第24話 ロンバルト商会

 そわそわと落ち着かないエマが待つ応接室に入ってきたのは、意外にもジュードだった。

「わざわざジュードが出向いてきてくれたの?」

「『魔力がなくても使える魔道具を売りたい』と、エマから連絡をもらったのだからね。商人としたら、一番初めに自分の目で確認したいだろう?」

「まぁ、そうね。うん! それだけの価値がある商品だわ」


 魔道具を売る販売ルートの了承を国王から取ったエマが、まず最初に連絡したのはロンバルト商会だ。

 ロンバルト商会は、大陸でも最大手の規模と信用を誇る。ヒューゴの発明した魔道具を売るのに、これ以上の相手はいない。


「まずは自分で体験して欲しい。その瞬間に、伯爵の凄さが分かるから」


 魔道具の売り込みと共に、ヒューゴの功績を称えるエマは気づかない。ジュードの真剣な眼差しは、魔道具より自分に向けられていることに……。

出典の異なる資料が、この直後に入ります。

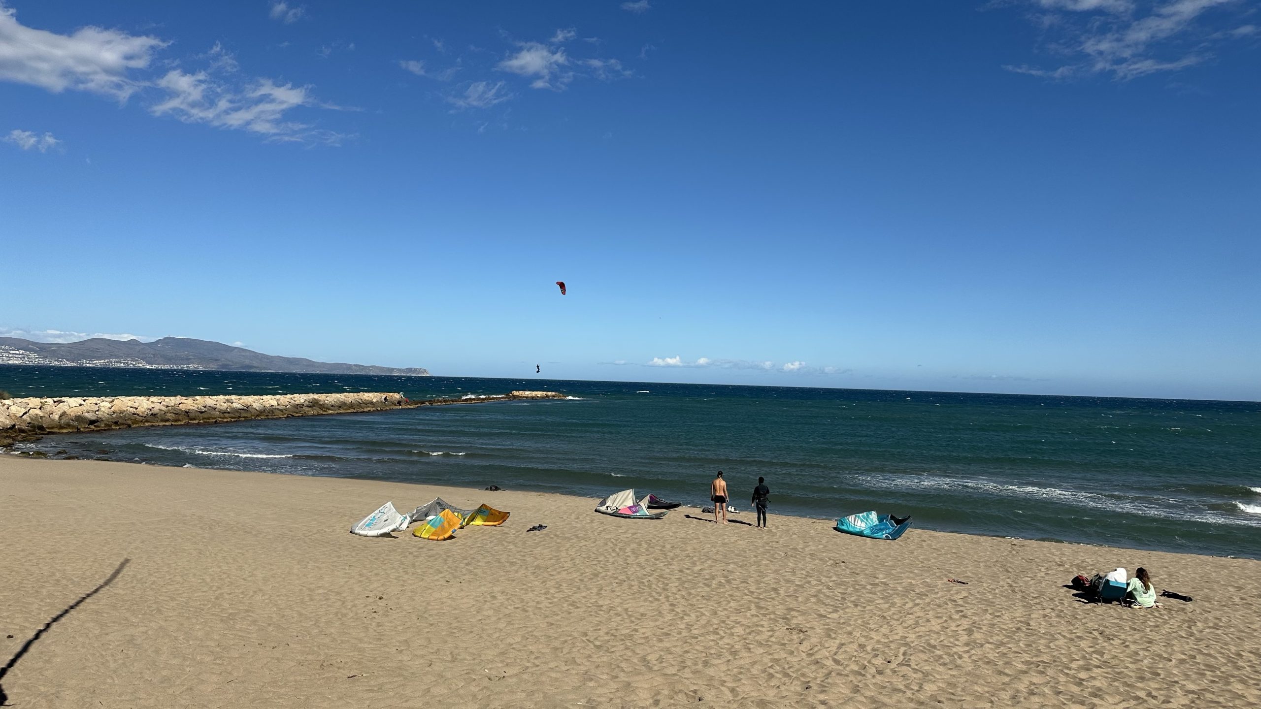 Gegen 15:30 erreiche ich wieder die Küste, bei Sant Marti d‘Empúris. Ein spektakulärer Anblick. Kite Surfer sind mehrere Meter in der Luft.

 サンプルとして準備された魔道具を試したジュードは、興奮を隠せない。

「この魔道具は、エマが言う通り世界を変えるよ! 一番最初の交渉相手にロンバルト商会を選んでくれたことに感謝する」

「この魔道具が特別なのは分かっていたけど、ひいき目になっている不安もあったの。厳しい商売人であるジュードにそう言ってもらえると自信になる」

 愛おしそうに魔道具に触れ、嬉しそうに微笑むエマを前に、ジュードの興奮も冷める。


「えっ? どうしたの? 何か気になる点がある?」

「魔道具には何もないよ、完璧だ。ただ……」

「ただ?」

「仕事ではビジネスライクに割り切るエマに、公私混同させる骸骨魔道具師のことを羨ましいと思っただけ」

「あら? もう骸骨じゃないのよ!」

 そうやってムキになるエマも、ジュードは初めて見る。


 突然アースコット国に連れ去れたエマは、ずっと辛い思いをしているのだとジュードは思っていた。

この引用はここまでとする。